Comment by monsieurbanana
13 hours ago
> LLMs produce results on par with what I would expect out of a solid junior developer
This is a common take but it hasn't been my experience. LLMs produce results that vary from expert all the way to slightly better than markov chains. The average result might be equal to a junior developer, and the worst case doesn't happen that often, but the fact that it happens from time to time makes it completely unreliable for a lot of tasks.
Junior developers are much more consistent. Sure, you will find the occasional developer that would delete the test file rather than fixing the tests, but either they will learn their lesson after seeing your wth face or you can fire them. Can't do that with llms.
I think any further discussion about quality just needs to have the following metadata:
- Language
- Total LOC
- Subject matter expertise required
- Total dependency chain
- Subjective score (audited randomly)
And we can start doing some analysis. Otherwise we're pissing into ten kinds of winds.
My own subjective experience is earth shattering at webapps in html and css (because I'm terrible and slow at it), and annoyingly good but a bit wrong usually in planning and optimization in rust and horribly lost at systems design or debugging a reasonably large rust system.
I agree in that these discussions (this whole hn thread tbh) are seriously lacking in concrete examples to be more than holy wars 3.0.
Besides one point: junior developers can learn from their egregious mistakes, llms can't no matter how strongly worded you are in their system prompt.

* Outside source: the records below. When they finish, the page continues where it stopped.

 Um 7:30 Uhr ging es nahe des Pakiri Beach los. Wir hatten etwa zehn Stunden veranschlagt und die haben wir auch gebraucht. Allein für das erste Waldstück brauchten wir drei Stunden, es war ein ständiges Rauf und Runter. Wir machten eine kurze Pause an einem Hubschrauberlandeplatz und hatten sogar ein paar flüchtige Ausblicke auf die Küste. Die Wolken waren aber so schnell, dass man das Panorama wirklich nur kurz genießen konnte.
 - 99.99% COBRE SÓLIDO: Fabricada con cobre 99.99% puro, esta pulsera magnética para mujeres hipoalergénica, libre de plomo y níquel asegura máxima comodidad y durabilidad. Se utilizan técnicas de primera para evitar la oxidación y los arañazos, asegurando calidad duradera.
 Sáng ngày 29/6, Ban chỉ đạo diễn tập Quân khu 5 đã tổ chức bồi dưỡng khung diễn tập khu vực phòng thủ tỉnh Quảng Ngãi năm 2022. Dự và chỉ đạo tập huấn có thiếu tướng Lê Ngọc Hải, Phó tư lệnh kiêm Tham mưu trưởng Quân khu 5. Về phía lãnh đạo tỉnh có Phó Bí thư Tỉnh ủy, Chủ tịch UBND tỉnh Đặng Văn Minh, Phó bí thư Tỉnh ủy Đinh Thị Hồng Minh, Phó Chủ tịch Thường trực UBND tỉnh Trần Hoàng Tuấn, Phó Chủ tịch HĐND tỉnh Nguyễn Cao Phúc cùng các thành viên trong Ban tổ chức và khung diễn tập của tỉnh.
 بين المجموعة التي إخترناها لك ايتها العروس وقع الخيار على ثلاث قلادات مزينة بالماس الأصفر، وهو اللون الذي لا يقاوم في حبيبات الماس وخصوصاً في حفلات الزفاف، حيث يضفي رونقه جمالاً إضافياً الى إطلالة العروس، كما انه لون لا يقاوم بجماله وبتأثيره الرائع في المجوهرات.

In a functional work environment, you will build trust with your coworkers little by little. The pale equivalent in LLMs is improving system prompts and writing more and more ai directives that might or might not be followed.

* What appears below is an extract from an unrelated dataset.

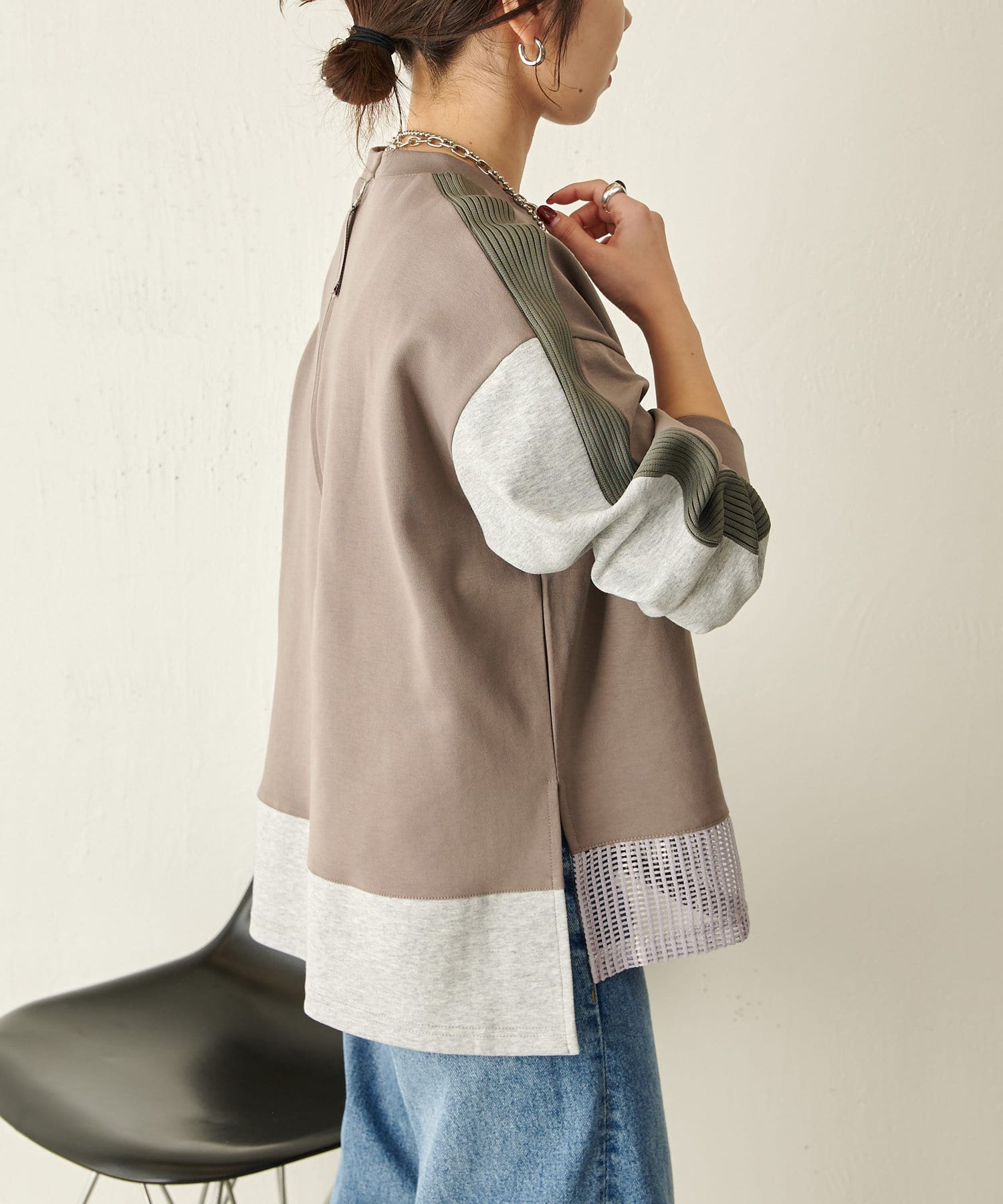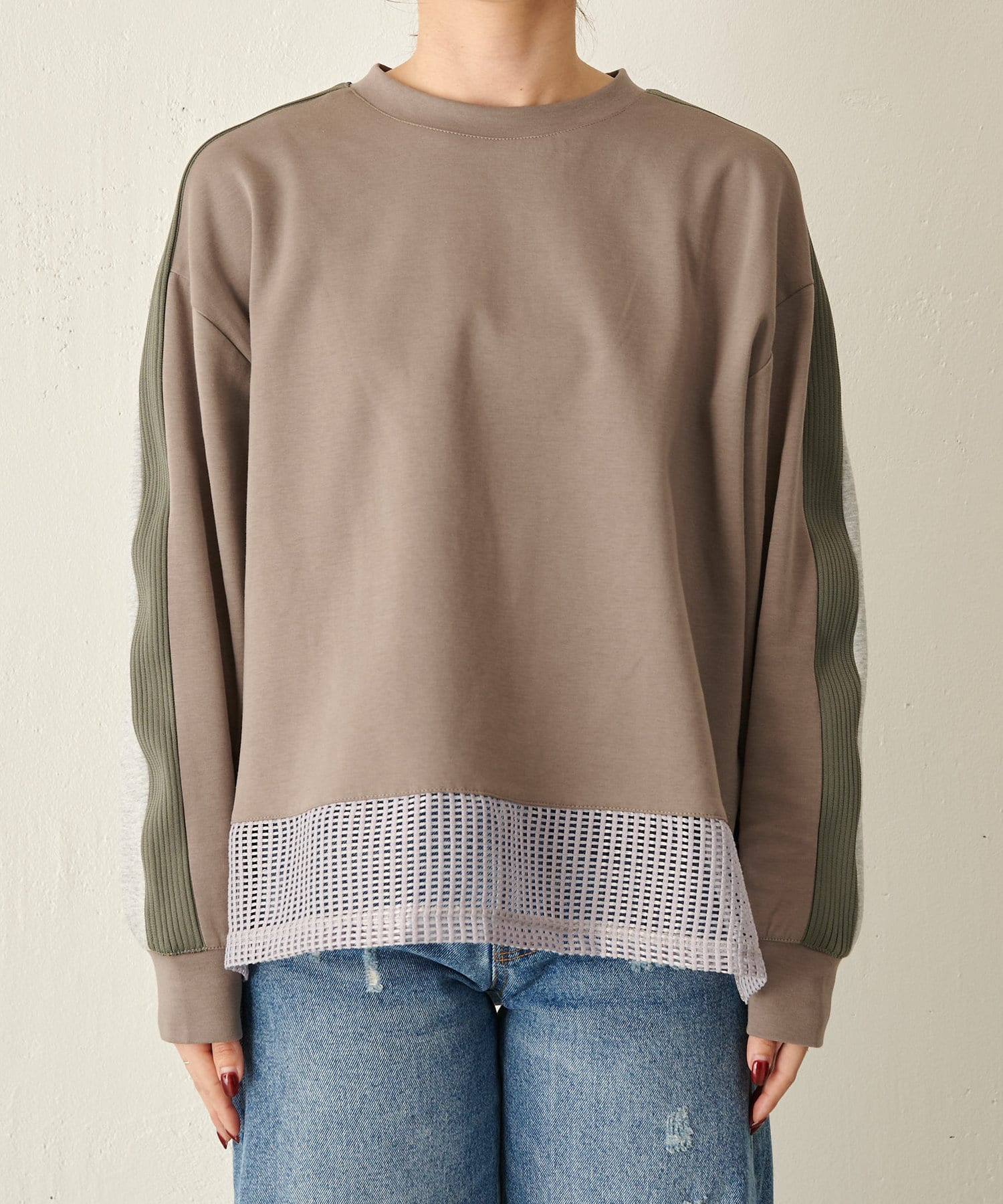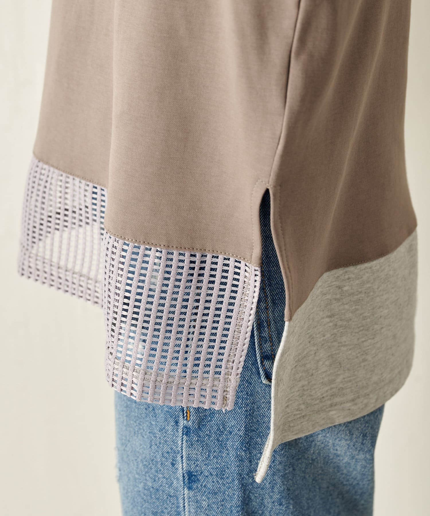 裾メッシュ配色カットソー

This seems to be one of the huge weaknesses of current LLMs: Despite the words "intelligence" and "machine learning" we throw around, they aren't really able to learn and improve their skills without someone changing the model. So, they repeat the same mistakes and invent new mistakes by random chance.
If I was tutoring a junior developer, and he accidentally deleted the whole source tree or something egregious, that would be a milestone learning point in his career, and he would never ever do it again. But if the LLM does it accidentally, it will be apologetic, but after the next context window clear, it has the same chances of doing it again.

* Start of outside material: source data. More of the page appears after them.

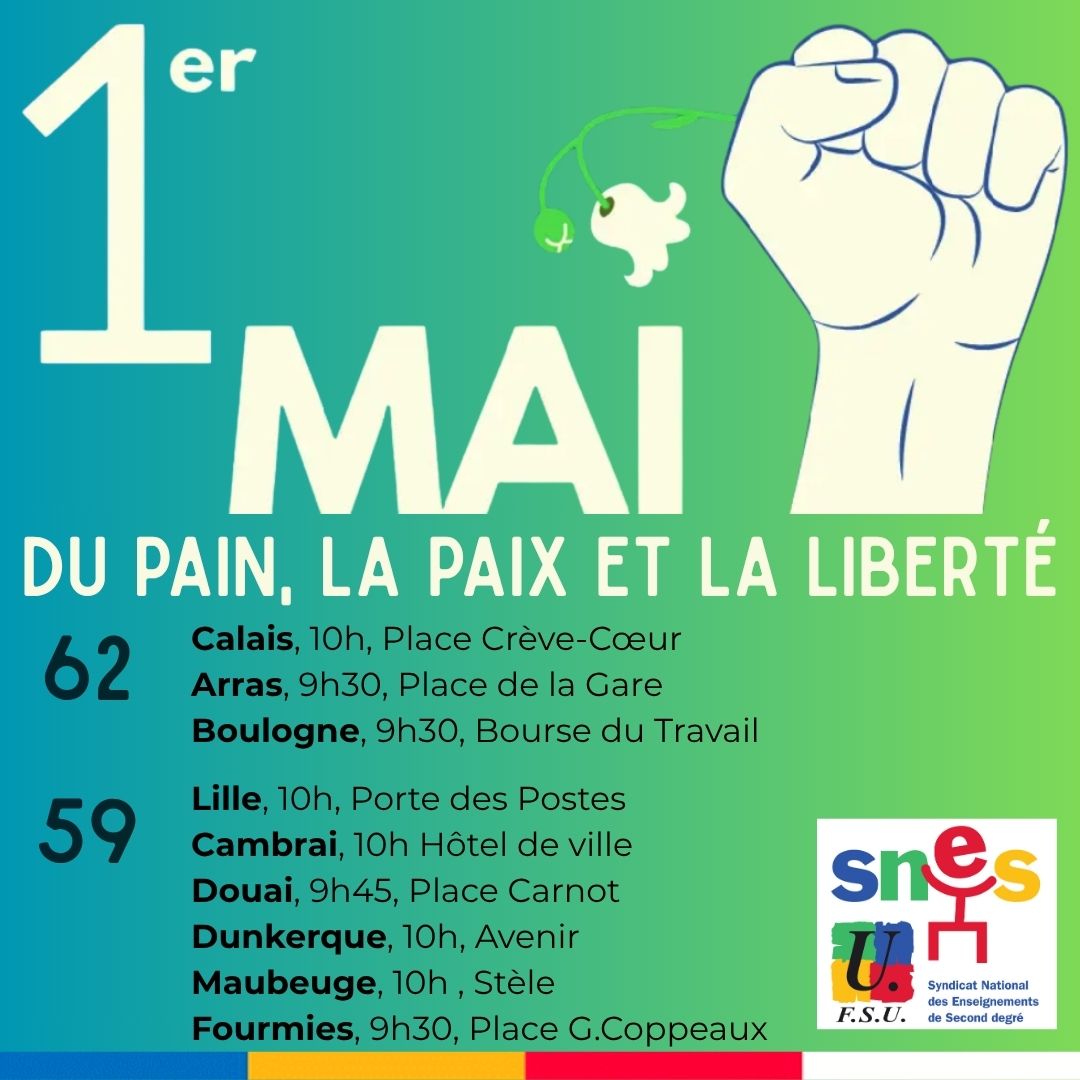 Vous êtes ici : Accueil Actualité Actions, affiches, tracts Les RDV du 1er mai dans le Nord et le Pas-de-Calais 20 avril 2026 Actualité Les RDV du 1er mai dans le Nord et le Pas-de-Calais Imprimer l'article Calais, 10h, Place Crève-Cœur Arras, 9h30, Place de la Gare Boulogne, 9h30, Bourse du Travail Lille , 10h, Porte des Postes Douai, 9h45, Place Carnot Dunkerque , 10h, Avenir Maubeuge , 10h , Stèle Fourmies , 9h30, Place G.Coppeaux 2026_04_15_1er_mai_intersyndicale_et_jeunesse.pdf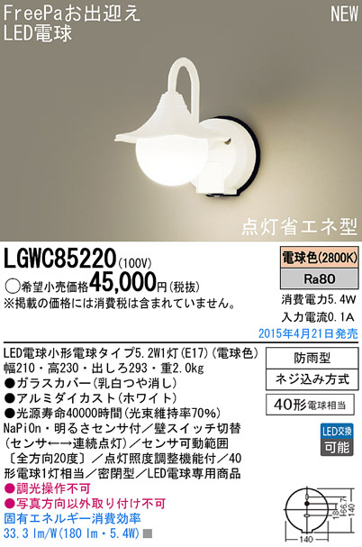 Panasonic LED ¥¨¥¯¥¹¥Æ¥ê¥¢¡¦¥¢¥¦¥È¥É¥¢ LGWC85220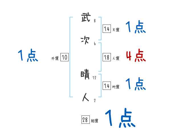 人運![]() | 武次晴人さんの人運は18画の4つ星!情熱的で剛気。忍耐力があり信頼される。 性格や才能などを表す2番目に重要な運勢です。人間関係や協調性、社会的な成功に影響します。主に20歳から50歳ぐらいまでの中年期の運勢を表します。 |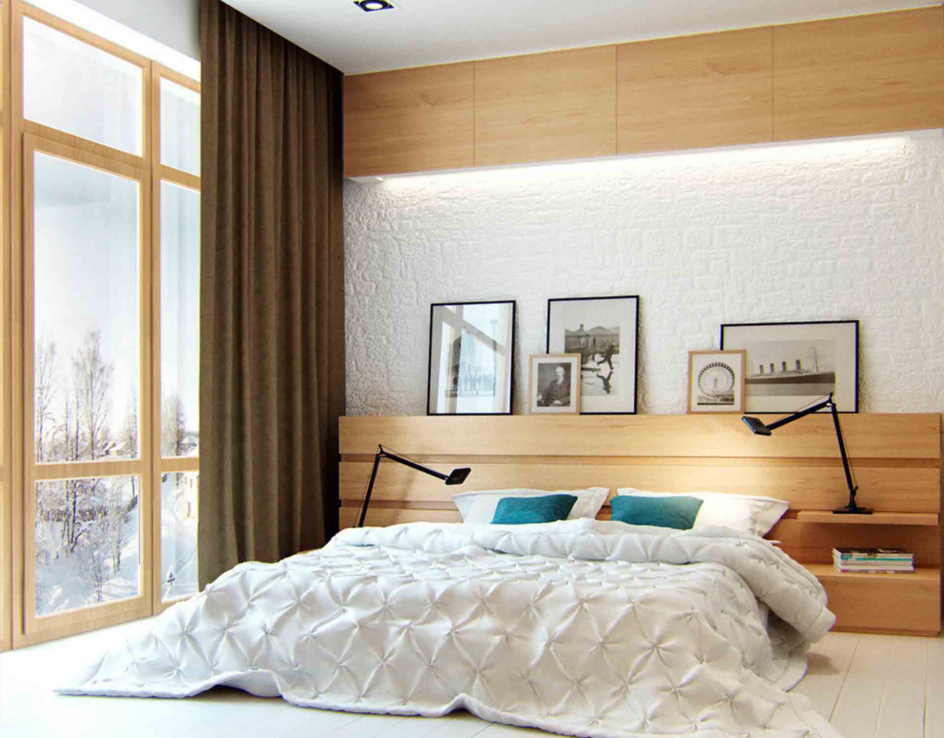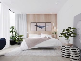 Украса за спалня в скандинавски стил. Всичко тук е просто, хармонично и доста уютно. Голям прозорец заслужава специално внимание, което осигурява достатъчно проникване на естествена светлина в стаята. В допълнение, белите нюанси в дизайна визуално правят стаята по -широка.

> Besides one point: junior developers can learn from their egregious mistakes, llms can't no matter how strongly worded you are in their system prompt.
I think if you set off an LLM to do something, and it does a "egregious mistake" in the implementation, and then you adjust the system prompt to explicitly guard against that or go towards a different implementation and you restart from scratch again yet it does the exact same "egregious mistake", then you need to try a different model/tool than the one you've tried that with.
It's common with smaller models, or bigger models that are heavily quanitized that they aren't great at following system/developer prompts, but that really shouldn't happen with the available SOTA models, I haven't had something ignored like that in years by now.
1 reply →
I can in fact fire an LLM. It's even easier than firing a junior developer.
Or rather, it's more like a contractor. If I don't like the job they did, I don't give them the next job.